··· DATASET EXTRACT
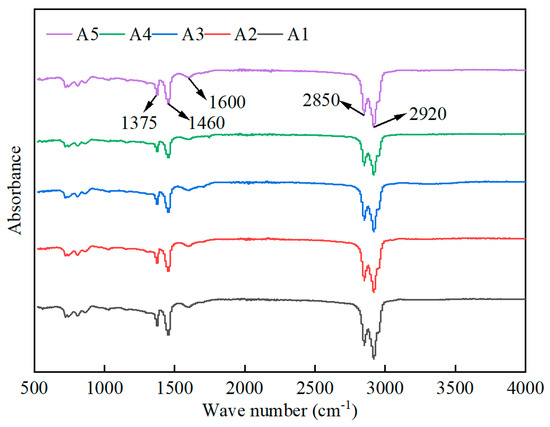 As can be seen from Figure 11, there is not much difference in the characteristic peaks of the infrared spectra of the base asphalt and the different modified asphalts. The main common characteristic peaks are as follows: stretching vibration of the C-H bond at 2920 cm−1 and 2850 cm−1; stretching vibration of the aromatic ring C=C at 1600 cm−1; bending vibration of C-H at 1460 cm−1 and 1375 cm−1. Therefore, according to the results of the original spectrum, the positions of the main absorption peaks before and after modification are basically the same, indicating that the chemical groups of the base asphalt and the modified ones have not changed significantly, and there is only a certain change in the peak intensity, indicating that no new chemical bonds were generated or broken during the modification process due to physical modification—that is, the modifiers physically mixed and dispersed in the base asphalt rather than chemically reacting to achieve the modification effect.
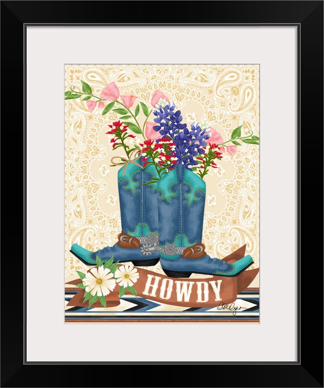 <p>The state flower of Texas is given star treatment as they burst from the boots!</p>
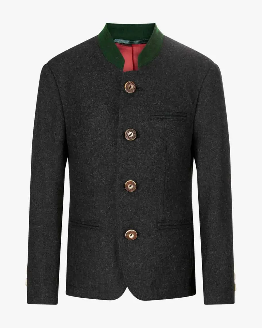 Schliersee Jungen-Trachtenjanker von LODENFREY in Anthrazit und Dunkelgrün. Madein Germany – Die kontrastierenden Paspeln sowie die rustikalen Hornknöpfeverliehen dem Modell den traditionellen Charakter, welcher durch die feingewebte Leinen-Baumwoll-Qualität edel ergänzt wird.
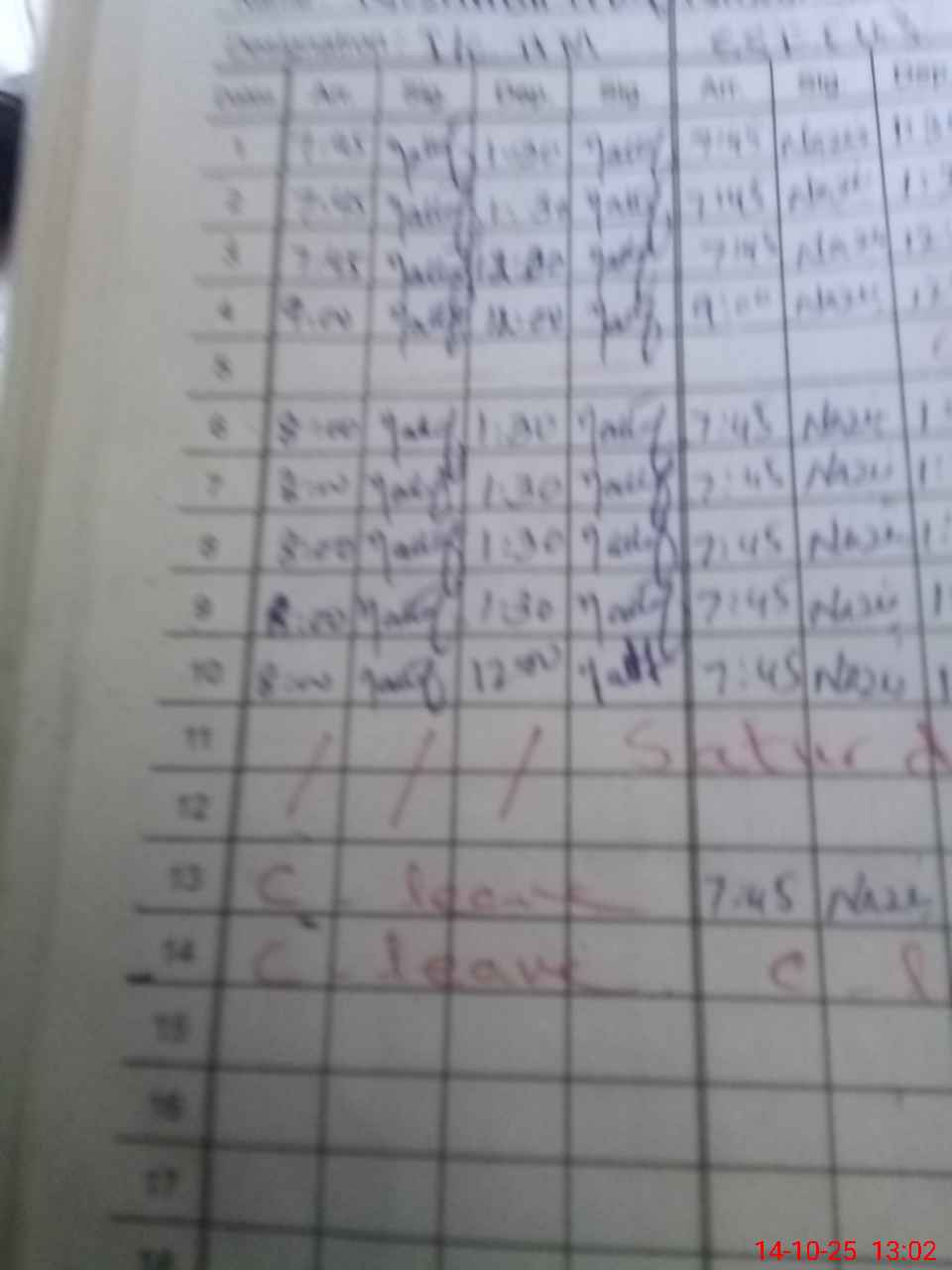 | 37**** | No**** Al**** | SST | Regular | 0 | 0 | 0 | 0 | 0 | 0 | 0 | 0 | 0 | Casual |
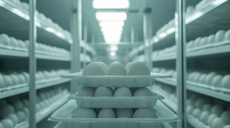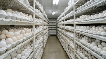 This image captures a modern food processing facility with neatly organized shelves filled with white eggs. The clean and efficient storage environment emphasizes hygiene and quality in food production.
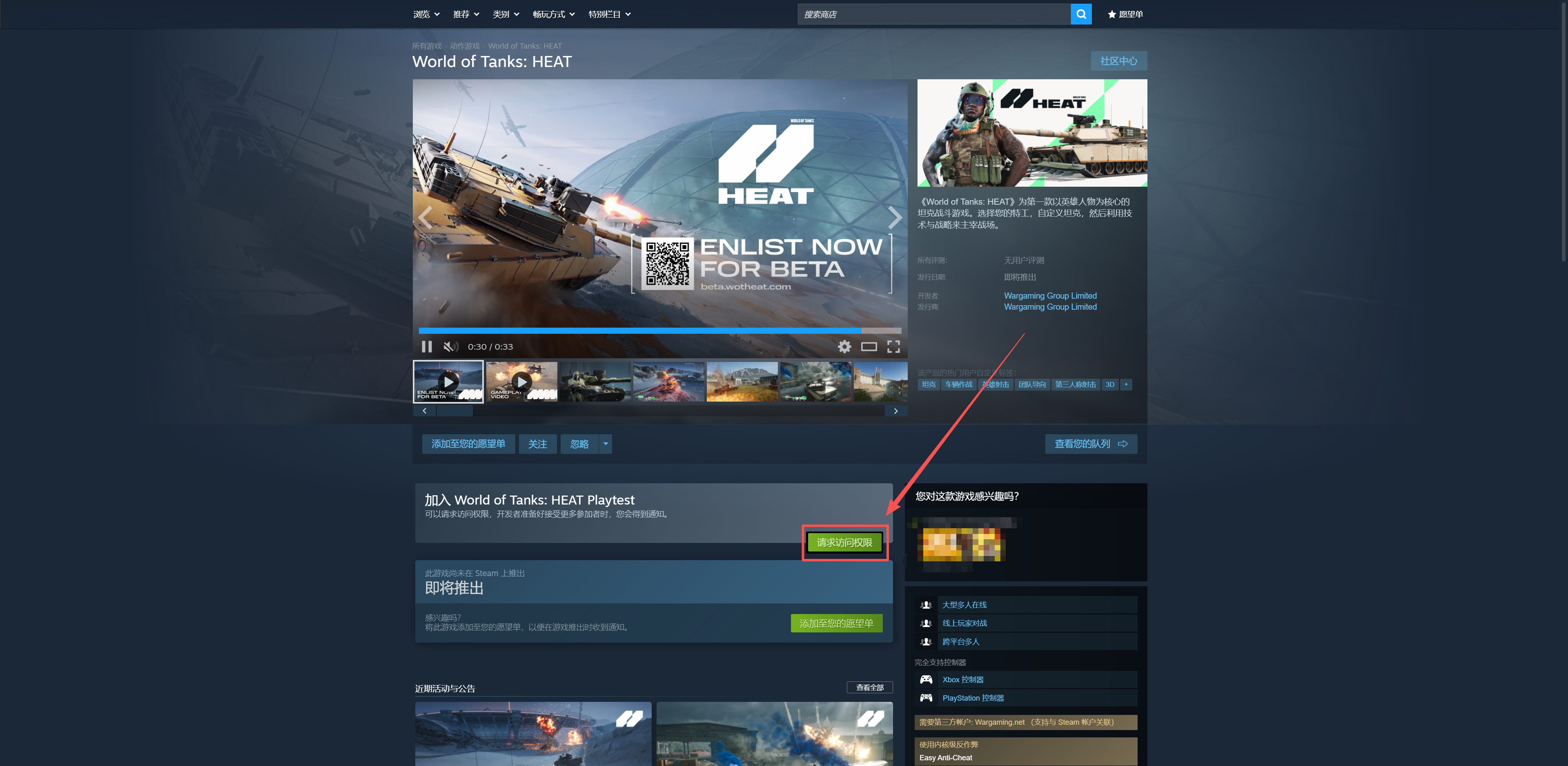 1.加速steam商店,进入游戏steam商店页面, 点击进入 ,点击“请求访问权限”2.申请成功,等待测试资格发放即可
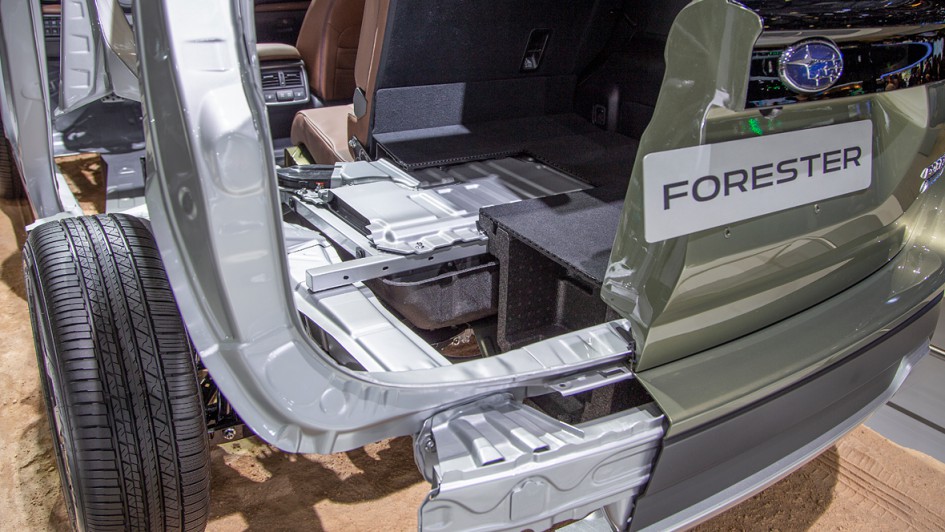 Sowohl beim neuen Forester als auch beim Update für den XV wurde viel Wert darauf gelegt, dass das Hybridsystem das Kofferraumvolumen nicht schmälert: Die Unterbringung der Hybridkomponenten in einem speziellen Sicherheitskäfig unter dem Kofferraum sorgt dafür, dass das Ladevolumen nahezu vollständig erhalten bleibt.
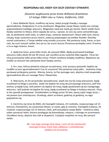 ROZPOZNALI GO, KIEDY ICH OCZY ZOSTAŁY OTWARTE (Kazanie wygłoszone przez brata Williama Branhama 12 lutego 1964 roku w Tulare, Kalifornia, USA) 1. Nasz Niebieski Ojcze, modlimy się teraz, żebyś przyjął chwałę z naszego zgromadzenia. Dziękujemy Ci za tę możliwośd. Błogosław swoje Słowo, kiedy ono zostaje wypowiedziane każdego wieczoru. Błogosław swój lud, kiedy go słucha. Niech wielki Duch Święty weźmie to Słowo, które wpada do serca, i sprawi, że ono się samo zamanifestuje, tak, że dosłownie setki ludzi, w całym kraju, zostanie zbawionych. Niech setki tych, którzy cierpią, leżąc zacienieni przez śmierd, zobaczą pojawiające się wielkie Światło. Niechby zostali uzdrowieni, a Twoje wielkie imię zostało uczczone. Nie jesteśmy tutaj, Panie, w tym celu, by czcid samych siebie, lecz po to, by uczcid Jezusa Chrystusa pomiędzy nami. Prosimy o to w Jego imieniu. Amen. 2. Spójrzcie teraz, przez kilka chwil, do waszych Biblii. Będę przemawiał każdego wieczoru tylko około 20 lub 30 minut, jak czyniłem przez ostatnie kilka tygodni. Teraz też chcę przemawiad tylko przez kilka minut. Potem zwołamy kolejkę modlitwy. Będziemy się modlid za chorych lub cokolwiek Duch Święty zechce. 3. Ilu z was, którzy jesteście tutaj po raz pierwszy, oraz wszyscy pozostali, będzie się modliło za tym zgromadzeniem? Czy to uczynicie? Nie jesteśmy tutaj tylko... Jesteśmy tutaj, ponieważ próbujemy pomóc. Wierzę, bracia, że Pan pomaga nam, abyśmy mieli wspaniałe zgromadzenie dla czci naszego Pana i Zbawiciela. 4. Wierzymy, że On przychodzi, bezzwłocznie. Jeżeli nie ma Go tutaj wieczorem, będę oczekiwał na Niego o poranku. Jeżeli nie będzie Go tutaj do jutrzejszego wieczoru, jeśli Pan zechce, ja będę tutaj. Jeśli potem nie będzie Go tutaj, będę spodziewał się Go następnego wieczoru. Jeśli jednak nie będzie Go tutaj, będę oczekiwał na Niego w kolejny wieczór. Chcę w ten sposób postępowad. Oczekiwałem na Niego przez 33 lata, sporą częśd mego życia, i nie jestem tym zniechęcony. Oczekuję, dzieo za dniem, godzinę za godziną, na Jego pojawienie się. 5. Zwródmy się teraz do Biblii, do Ewangelii Łukasza, 24 rozdziału, rozpoczynając od 13 wiersza. Powstaomy, by uszanowad Słowo, w czasie, gdy je czytamy. Ewangelia Łukasza, 24 rozdział, rozpoczynając od 13 wiersza. Otóż, jeśli posiadacie swoje Biblie - niektórzy lubią sobie zaznaczyd tekst, którym posługuje się kaznodzieja, miejsce, z którego on przemawia. Chciałbym teraz, abyście słuc hali w skupieniu. Czytajcie wspólnie ze mną, dla samych siebie. 13. I oto tego samego dnia dwaj z nich szli do miasteczka zwanego Emaus, które było oddalone o sześddziesiąt stadiów od Jerozolimy. 14. Szli razem... o tych wszystkich wydarzeniach. (Przepraszam). I rozmawiali z sobą o tych wszystkich wydarzeniach. 15. A gdy tak rozmawiali i nawzajem się pytali, sam Jezus, przybliżywszy się, szedł z nimi. 16. Lecz oczy ich były zasłonięte, tak że Go poznad nie mogli. 17. I rzekł do nich: Cóż to za rozmowy, idąc, prowadzicie z sobą? I przystanęli przygnębieni. 18. A odpowiadając jeden, imieniem Kleopas, rzekł do niego: Czyś ty jedyny pątnik w Jerozolimie, który nie wie, co się w niej w tych dniach stało? 19. Rzekł im: Co? Oni zaś odpowiedzieli mu: Z Jezusem Nazareoskim, który był mężem, prorokiem mocarnym w czynie i w słowie przed Bogiem i wszystkim ludem, 20. Jak arcykapłani i zwierzchnicy nasi wydali na niego wyrok śmierci i ukrzyżowali Go. 21. A myśmy się spodziewali, że On odkupi Izraela, lecz po tym wszystkim już dziś trzeci dzieo, jak się to stało. 22. Lecz i niektóre nasze niewiasty, które były wczesnym rankiem u grobu, wprawiły nas w zdumienie, 23. Bo nie znalazłszy Jego ciała, przyszły, mówiąc, że miały widzenie aniołów, powiadających, iż On żyje. 24. Toteż niektórzy z tych, którzy byli z nami, poszli do grobu i zastali to tak, jak mówiły niewiasty, lecz Jego nie widzieli. 25. A On rzekł do niech: O głupi i gnuśnego serca, by uwierzyd we wszystko, co powiedzieli prorocy. 26. Czyż Chrystus nie musiał tego wycierpied, by wejśd do swojej chwały? 27. I począwszy od Mojżesza poprzez wszystkich proroków wykładał im, co o Nim było napisane we wszystkich Pismach. 28. I zbliżyli się do miasteczka, do którego zdążali, a On okazywał, jakoby miał iśd dalej. 29. I przymusili Go, by został, mówiąc: Zostao z nami, gdyż ma się ku wieczorowi i dzieo się już nachylił. I wstąpił, by zostad z nimi. 30. A gdy zasiadł z nimi przy stole, wziąwszy chleb, pobłogosławił i rozłamawszy, podawał im. 31. Wtedy otworzyły się ich oczy i poznali Go. Lecz On znikł sprzed ich oczu. 32. I rzekli do siebie: Czyż serce nasze nie pałało w nas, gdy mówił do nas w drodze i Pisma przed nami otwierał? 33. I wstawszy tejże godziny, powrócili do Jerozolimy i znaleźli zgromadzonych jedenastu i tych, którzy z nimi byli, 34. Mówiących: Wstał Pan prawdziwie i ukazał się Szymonowi. 35. A oni też opowiedzieli o tym, co zaszło w drodze i jak Go poznali po łamaniu chleba. 6. Skłoomy nasze głowy. Panie Jezu, modlimy się, abyś dał się nam poznad w podobny sposób tego wieczoru, gdy na Ciebie oczekujemy. Modlimy się w imieniu Jezusa. Amen. Możecie usiąśd. 7. Aby obrad temat, chciałbym posłużyd się tymi słowami: Rozpoznali Go, kiedy ich oczy zostały otwarte. 8. Otóż, przemawiamy oczywiście na temat zmartwychwstania, w które wierzą wszyscy dzisiejsi chrześcijanie. Jest ono nadzieją kościoła. Jeżeli Chrystus nie powstał z martwych, jesteśmy zgubieni. Otóż, chrześcijaostwo jest zbudowane na zmartwychwstaniu, a nie na zamianie. Zmartwychwstanie! Na przykład, gdybym upuścił tutaj na podłogę ten motelowy klucz i powiedział: "Otóż, upuściłem ten klucz, a teraz położę tutaj inny, podobny do tego". To nie jest zmartwychwstanie, to jest zamiana. Rozumiecie? Zmartwychwstan
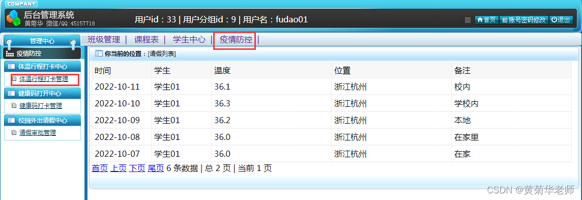 体温行程列表:查看所属班级所有学生的体温行程打卡记录
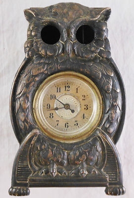 Title (ebay affiliate link): Great Art Deco Metal & Wood Figural Owl Clock With Lit Eyes
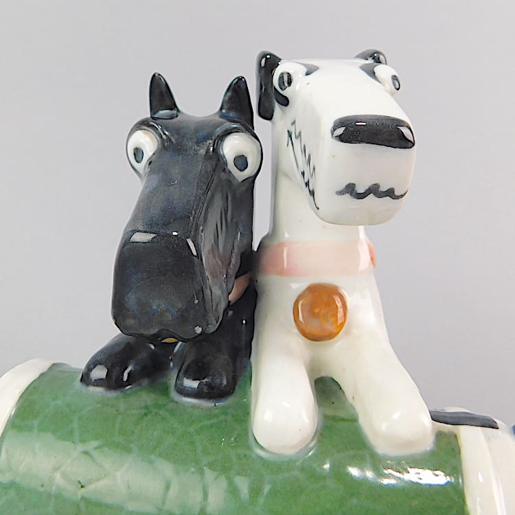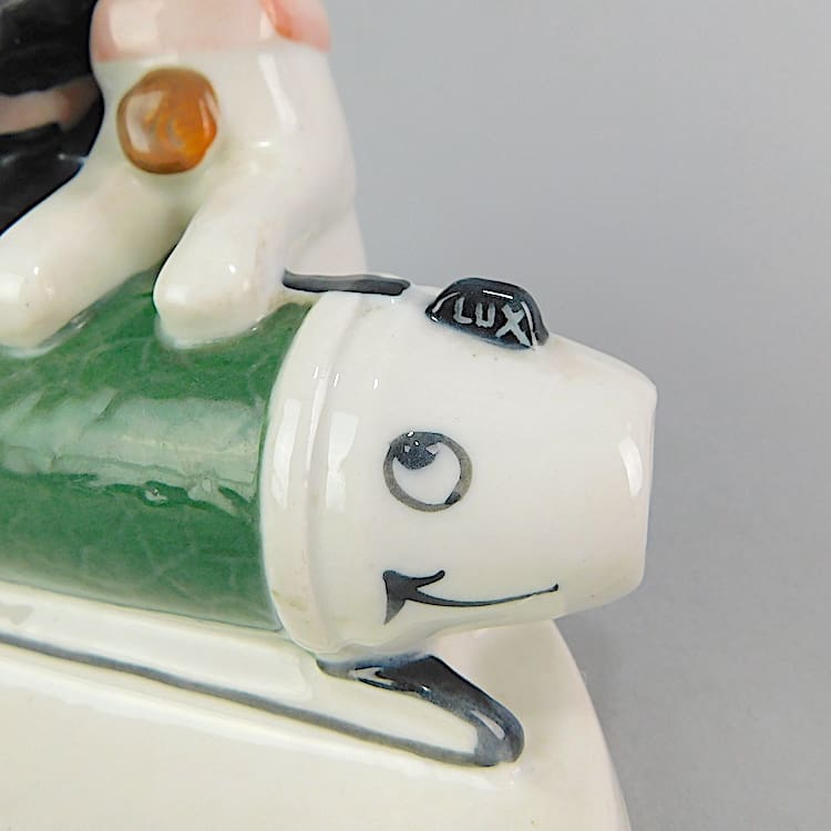 Rare French Ric and Rac terriers ashtray. An advertising ashtray for Lux hoovers.
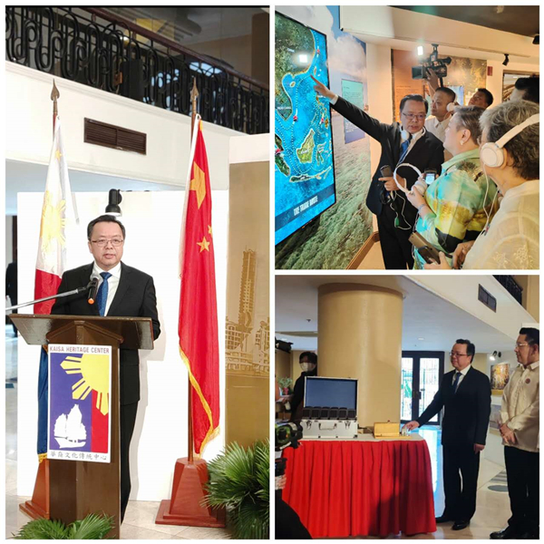 东南网5月31日讯 当地时间5月30日,中国驻菲律宾大使黄溪连与菲律宾候任外长拉扎罗共同出席由菲律宾华裔青年联合会和菲中友好协会举办的庆祝中菲建交50周年图片展暨使馆向华裔历史博物馆捐赠的智能讲解设备启用仪式。
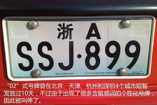 此外,2002年在北京、天津、杭州和深圳4个城市,还曾启动过“02”式号牌的试点工作。车牌采用蓝白彩底,号牌信息分为两层,上层为车辆所属省市区简称和发牌机关代码,下层由6位数字或字母组成,分隔符“·”为前车牌,“-”为后车牌,选号使用自主编排方式。不过,由于出现了不少含敏感词的个性化号牌,“02式”号牌仅发放10天就被叫停了。
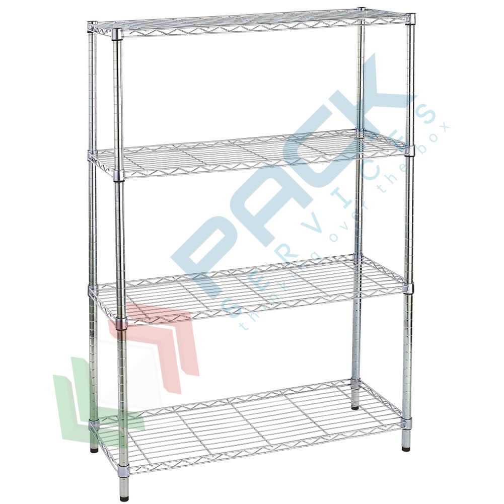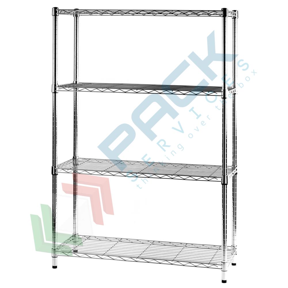 Libreria in acciaio cromato da interno, 4 ripiani leggeri, mis. 90 L x 36 P x 137 H cm
······
TRY IT. The reply should hold the entries above from the line with "This image captures" to the line with "Sowohl beim neuen", duplicated exactly, pictures excluded.

EXERCISE ANSWER.
 This image captures a modern food processing facility with neatly organized shelves filled with white eggs. The clean and efficient storage environment emphasizes hygiene and quality in food production.
 1.加速steam商店,进入游戏steam商店页面, 点击进入 ,点击“请求访问权限”2.申请成功,等待测试资格发放即可
 Sowohl beim neuen Forester als auch beim Update für den XV wurde viel Wert darauf gelegt, dass das Hybridsystem das Kofferraumvolumen nicht schmälert: Die Unterbringung der Hybridkomponenten in einem speziellen Sicherheitskäfig unter dem Kofferraum sorgt dafür, dass das Ladevolumen nahezu vollständig erhalten bleibt.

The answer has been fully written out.